Extrema of mEC and mESE; rostrocaudal gradients
Figure 5 is a heat map of the mEC-mESE results for subject S2, for the full bandwidth signal. The disposition of the frontal grid electrodes is redrawn from this subject's reconstructed lateral brain surface (Fig. 1), with the central sulcus marked in yellow. The color bar scale is individualized for each image to maximize contrast. Figure 5A and B shows the maps of connectivity in the wake and sleep states, which are seen to be highly congruent. The reciprocal relationship between mEC and mESE is clearly seen in the sleep state (compare Fig. 5B and D), where areas of heat and cold literally “exchange places” on the brain surface. This reciprocal relationship is present, but somewhat less precise, in the wake state (compare Fig. 5A and C). The eight electrode contacts at the posterior portion of the grid have the lowest (highest) mECs (mESEs) of all, and these are seen to be overlying the lower peri-Rolandic sensorimotor cortex.

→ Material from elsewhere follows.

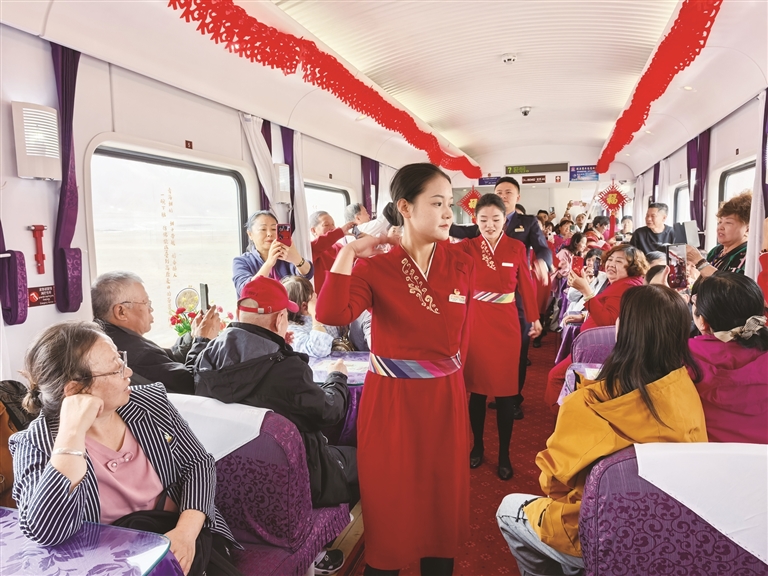 針對高原旅游特殊性及“銀發(fā)族”為主的客群特點,中國鐵路青藏集團(tuán)有限公司持續(xù)升級服務(wù)保障體系,讓旅途兼具安全性與舒適度。車輛方面,該公司完成適老化與舒適化改造,打造2組普惠型旅游專用車組,入藏專列均采用全列有氧臥鋪車廂,配備彌散式供氧系統(tǒng)、專用發(fā)電車及精品餐車,有效緩解旅客高原反應(yīng)。服務(wù)方面,該公司組建“導(dǎo)游+乘務(wù)+醫(yī)護(hù)”三位一體復(fù)合型服務(wù)團(tuán)隊,全程提供健康監(jiān)測、文化講解、應(yīng)急保障等全流程陪伴服務(wù);車廂內(nèi)以民族紋飾、剪紙窗花營造地域氛圍,文藝小分隊沿途獻(xiàn)上藏族歌曲、舞蹈等特色表演,餐車則供應(yīng)烤羊腿、牦牛酸奶、特色奶茶等地方風(fēng)味美食,讓旅程更加舒適美好。運營模式上,該公司采用“晚上開行、白天游玩、邊走邊?!钡脑O(shè)計,途經(jīng)玉珠峰、沱沱河、羌塘草原等高原奇景,在海拔5072米的唐古拉站、措那湖等標(biāo)志性地點定點???,讓游客在休息中跨越山海,充分領(lǐng)略雪域風(fēng)光。同時,該公司強化公鐵聯(lián)運與景區(qū)接駁,推出“旅游小管家”一站式服務(wù),確保游客“行得順暢、吃得地道、玩得盡興”。

Heat maps showing the spatial variation of mEC and mESE over the lateral frontal cortex of subject S2. Wake states are to the left, and sleep states to the right. Top-down comparisons
Figures 6 and 7 are mEC-mESE heat maps in the sleep state for the remainder of the subjects. The positions of the central sulcus are not shown for clarity, but may be inferred from comparison with Figure 1. Comparing left and right maps (Figs. 6A and B, 6C and D, 6E and F, 7A and B, 7C and D, and 7E and F), the reciprocal relationship between mEC and mESE is appreciated in every case. It is also clear that electrodes overlying or in closest proximity to the Rolandic area have the lowest (highest) mEC (mESE) values. In S1, the posterior end of the frontal grid is mostly anterior to the precentral gyrus; yet, mEC is highest in the posterior electrode contacts, especially superiorly (arrow), and also at the single electrode comprising the left bottom corner, as the precentral gyrus curves forward to underlie that electrode (double arrow). The heat map of mESE follows the opposite color trend. In S3, the extrema of mEC/mESE are seen in the posterior upper segment of grid that overlies the superior Rolandic region (arrow). In S4, a similar picture to S2 is seen (arrow); indeed, there is a hint of the extrema falling off in the electrodes that extend posterior to the sensory strip. In S5, the extremum of mEC appears in the upper left of the grid that overlies the primary motor cortex (arrow). The extremum is less pronounced along the rest of the posterior edge of the grid, although the mESE map shows the longitudinal extent of the extremum more clearly (arrow). S6 shows the extremum of ESE vertically along the posterior margin of the grid, with a pronounced minimum over the anteroinferior border, similar to subjects S2–S5 and S7. In S7, the extremum in EC is seen at the lower right corner, corresponding to the lower portion of the motor strip (arrows).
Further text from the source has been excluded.